╭─ Supplied material
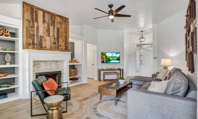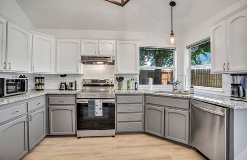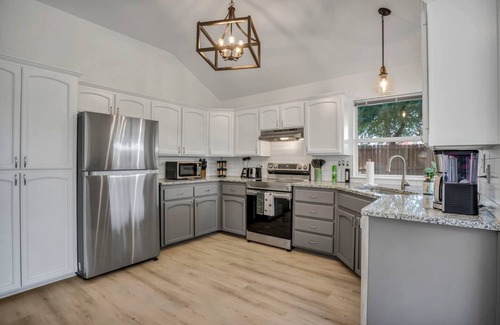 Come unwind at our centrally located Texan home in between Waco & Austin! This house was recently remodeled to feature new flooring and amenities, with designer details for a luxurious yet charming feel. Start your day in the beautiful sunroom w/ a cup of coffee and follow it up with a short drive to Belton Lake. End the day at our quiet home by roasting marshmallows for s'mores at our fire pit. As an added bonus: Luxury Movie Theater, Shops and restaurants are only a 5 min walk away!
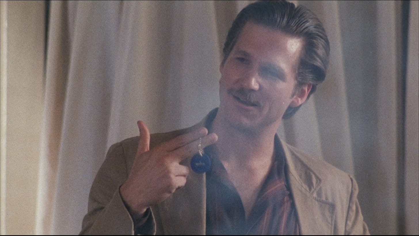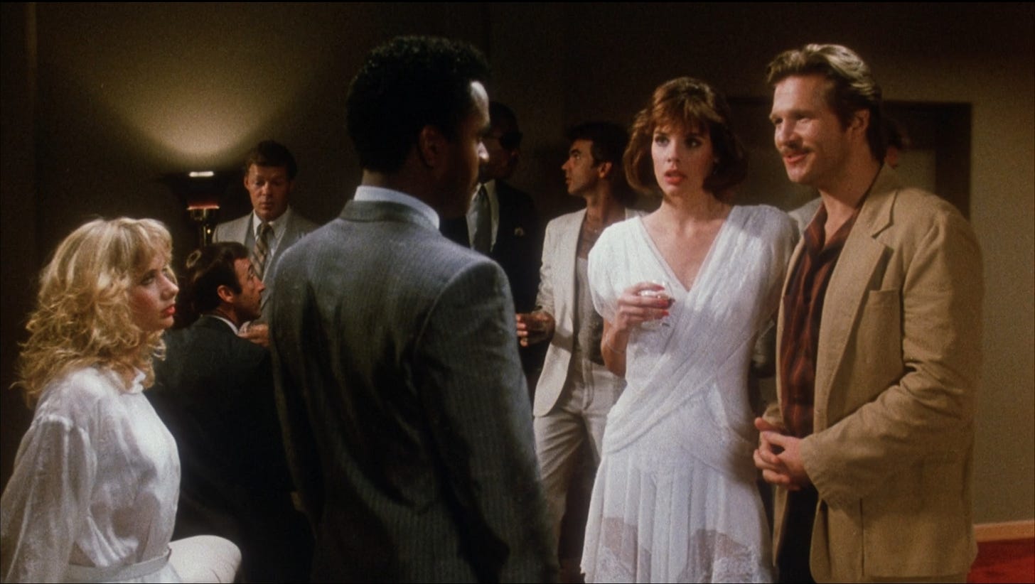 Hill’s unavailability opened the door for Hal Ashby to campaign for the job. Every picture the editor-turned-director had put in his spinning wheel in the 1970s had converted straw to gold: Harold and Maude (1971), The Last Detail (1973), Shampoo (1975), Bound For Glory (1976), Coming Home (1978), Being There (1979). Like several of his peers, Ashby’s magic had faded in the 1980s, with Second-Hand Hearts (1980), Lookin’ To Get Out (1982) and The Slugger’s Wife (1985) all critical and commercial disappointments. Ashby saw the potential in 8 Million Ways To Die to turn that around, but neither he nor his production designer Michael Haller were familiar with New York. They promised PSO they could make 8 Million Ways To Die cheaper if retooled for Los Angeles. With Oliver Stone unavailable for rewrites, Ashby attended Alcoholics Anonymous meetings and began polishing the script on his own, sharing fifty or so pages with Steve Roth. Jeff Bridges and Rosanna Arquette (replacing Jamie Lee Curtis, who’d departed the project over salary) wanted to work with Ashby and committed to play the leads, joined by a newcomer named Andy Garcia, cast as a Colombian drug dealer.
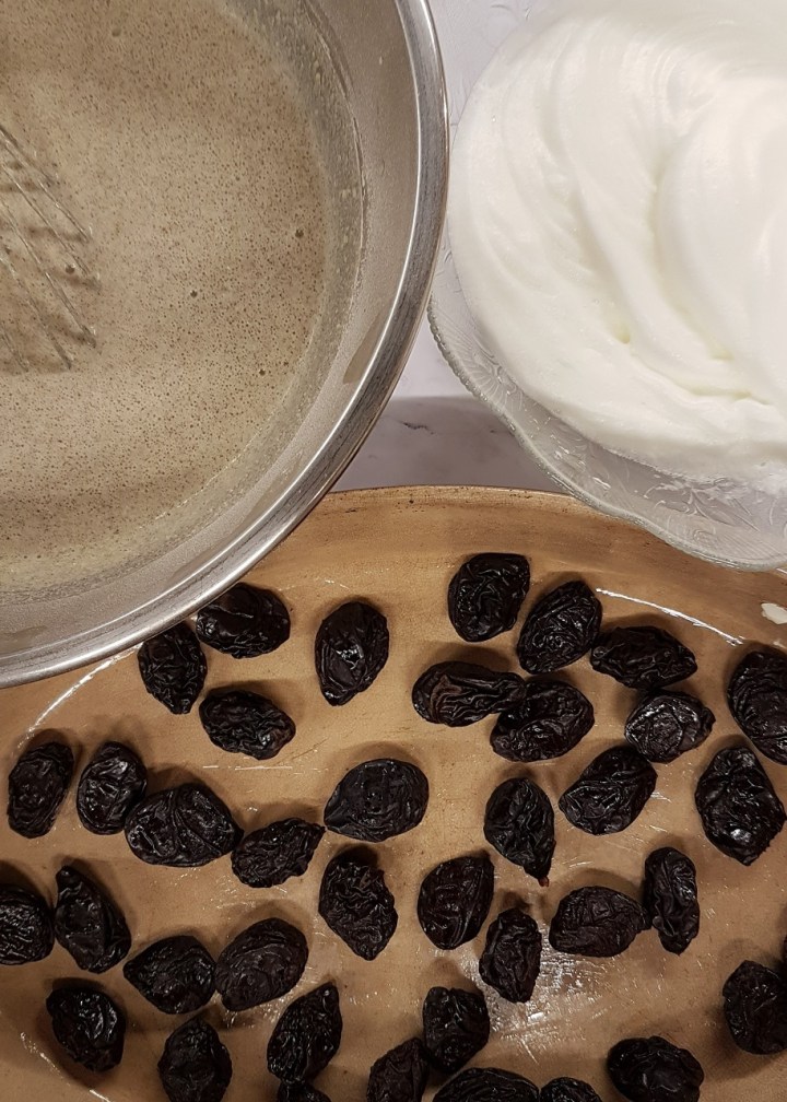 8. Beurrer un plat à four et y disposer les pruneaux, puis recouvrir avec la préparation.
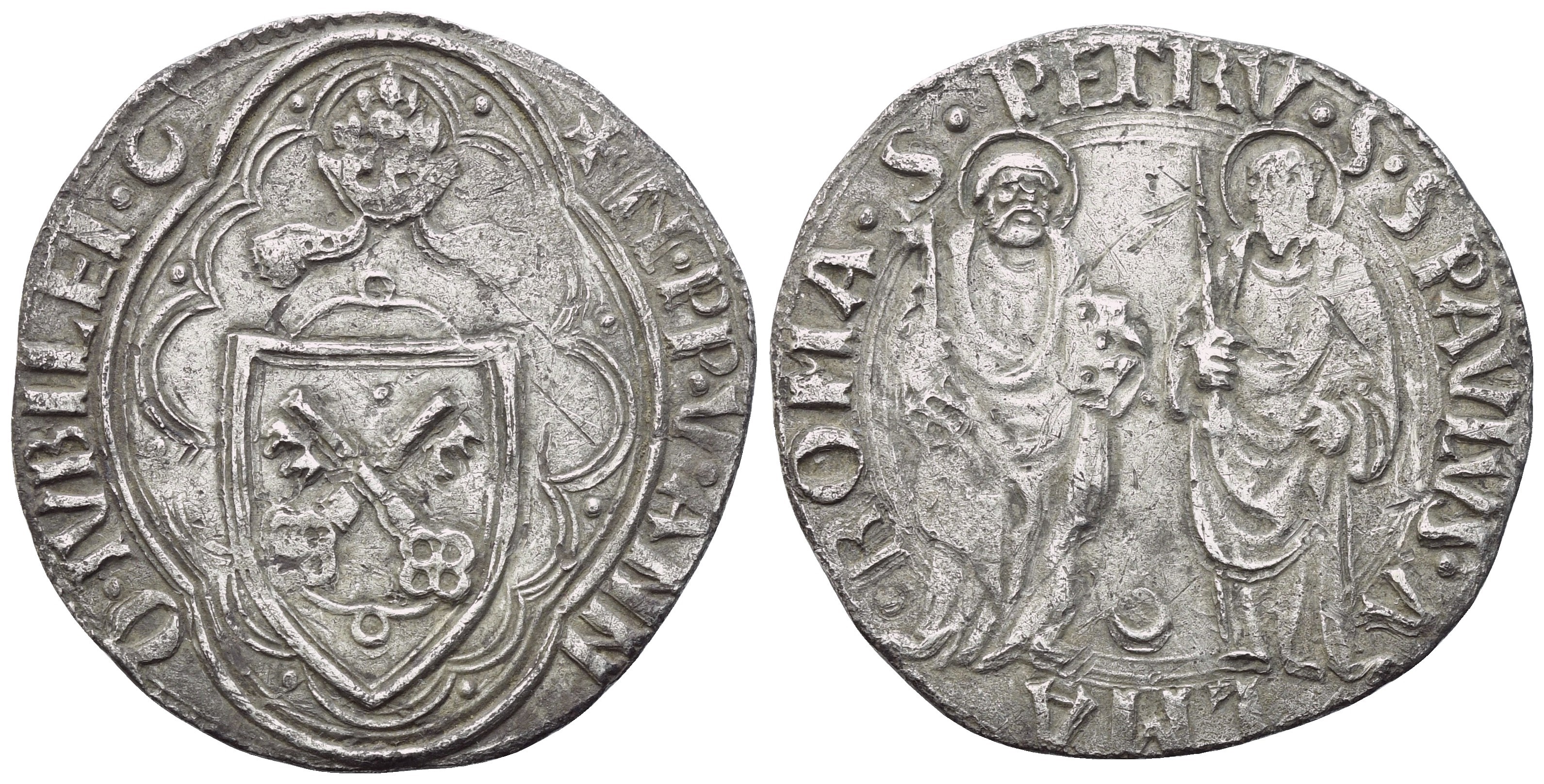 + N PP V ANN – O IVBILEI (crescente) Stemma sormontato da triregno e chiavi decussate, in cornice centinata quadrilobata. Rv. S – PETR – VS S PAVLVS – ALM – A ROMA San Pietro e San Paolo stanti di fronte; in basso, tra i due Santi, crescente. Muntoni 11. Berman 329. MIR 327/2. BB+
╰─
╭─ Supplied material
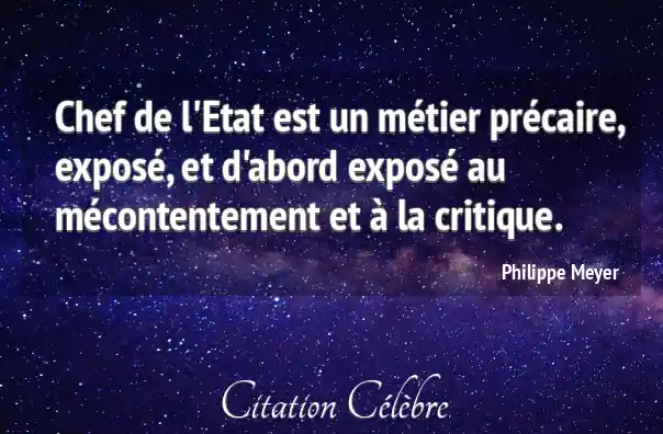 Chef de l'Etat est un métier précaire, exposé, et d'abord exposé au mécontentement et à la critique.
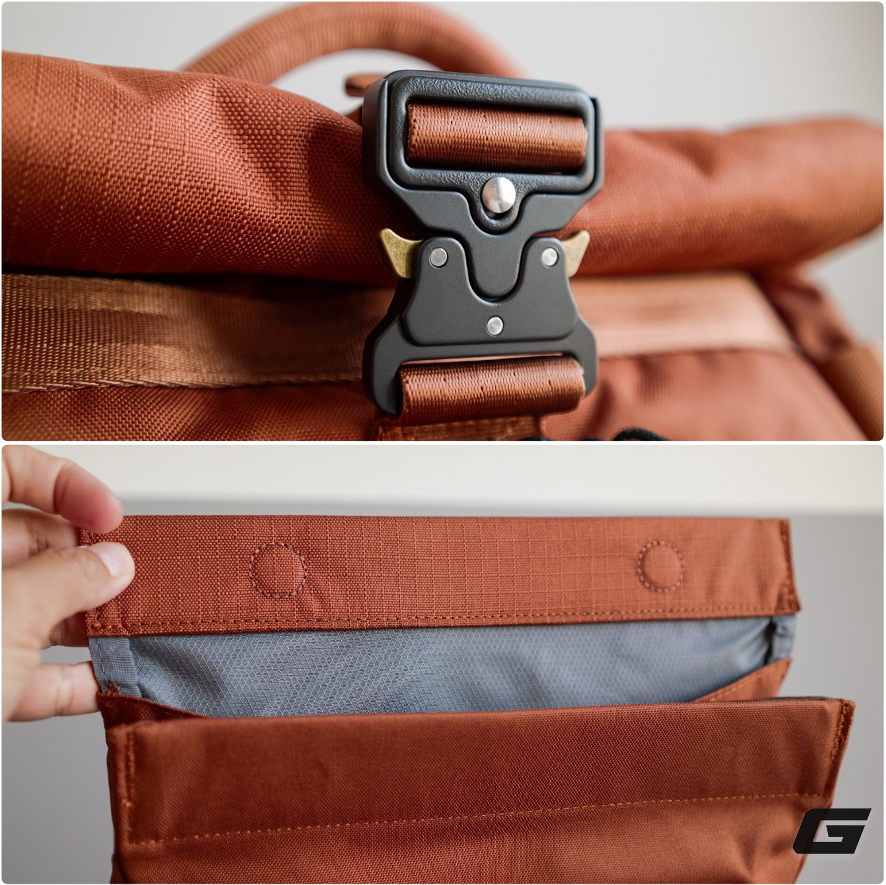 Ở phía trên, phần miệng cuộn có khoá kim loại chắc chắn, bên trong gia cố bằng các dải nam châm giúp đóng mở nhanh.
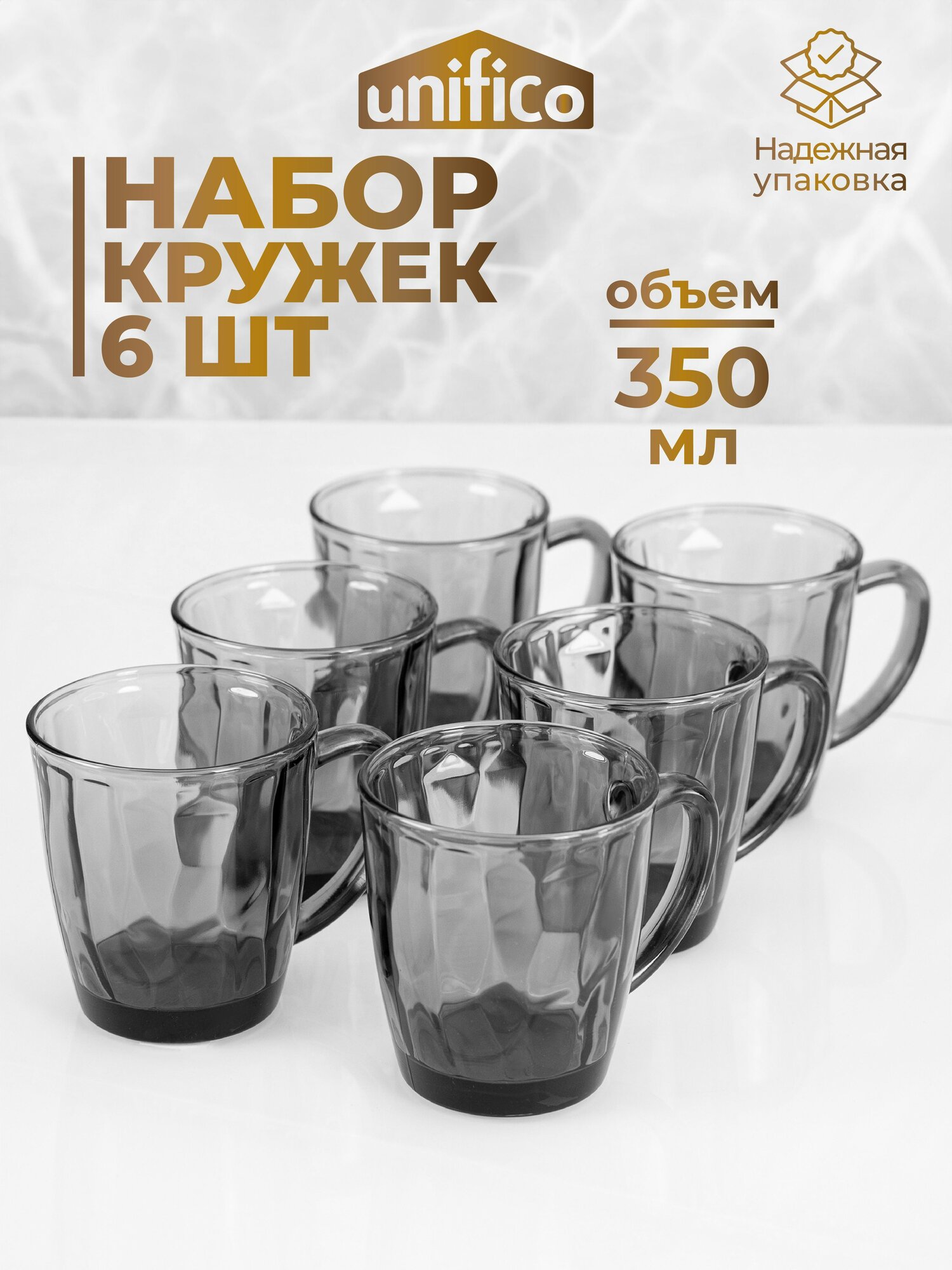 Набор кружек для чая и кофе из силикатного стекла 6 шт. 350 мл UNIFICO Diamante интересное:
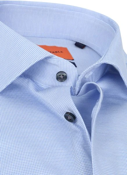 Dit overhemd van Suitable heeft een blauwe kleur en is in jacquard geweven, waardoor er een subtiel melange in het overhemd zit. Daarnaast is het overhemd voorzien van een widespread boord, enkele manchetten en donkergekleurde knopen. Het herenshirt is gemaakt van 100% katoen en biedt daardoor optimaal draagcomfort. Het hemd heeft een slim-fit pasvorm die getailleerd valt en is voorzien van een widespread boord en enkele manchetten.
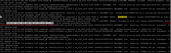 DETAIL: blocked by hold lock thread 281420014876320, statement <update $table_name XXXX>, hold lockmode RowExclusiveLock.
╰─
╭─ Supplied material
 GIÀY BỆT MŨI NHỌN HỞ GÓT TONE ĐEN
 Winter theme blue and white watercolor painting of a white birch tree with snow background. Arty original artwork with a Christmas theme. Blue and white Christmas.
╰─
Exercise objective —
Of the lines above, quote exactly those from the one with "Набор кружек для" through the one with "DETAIL: blocked by", ends included; pictures stay out.

Solution for this task —
 Набор кружек для чая и кофе из силикатного стекла 6 шт. 350 мл UNIFICO Diamante интересное:
 Dit overhemd van Suitable heeft een blauwe kleur en is in jacquard geweven, waardoor er een subtiel melange in het overhemd zit. Daarnaast is het overhemd voorzien van een widespread boord, enkele manchetten en donkergekleurde knopen. Het herenshirt is gemaakt van 100% katoen en biedt daardoor optimaal draagcomfort. Het hemd heeft een slim-fit pasvorm die getailleerd valt en is voorzien van een widespread boord en enkele manchetten.
 DETAIL: blocked by hold lock thread 281420014876320, statement <update $table_name XXXX>, hold lockmode RowExclusiveLock.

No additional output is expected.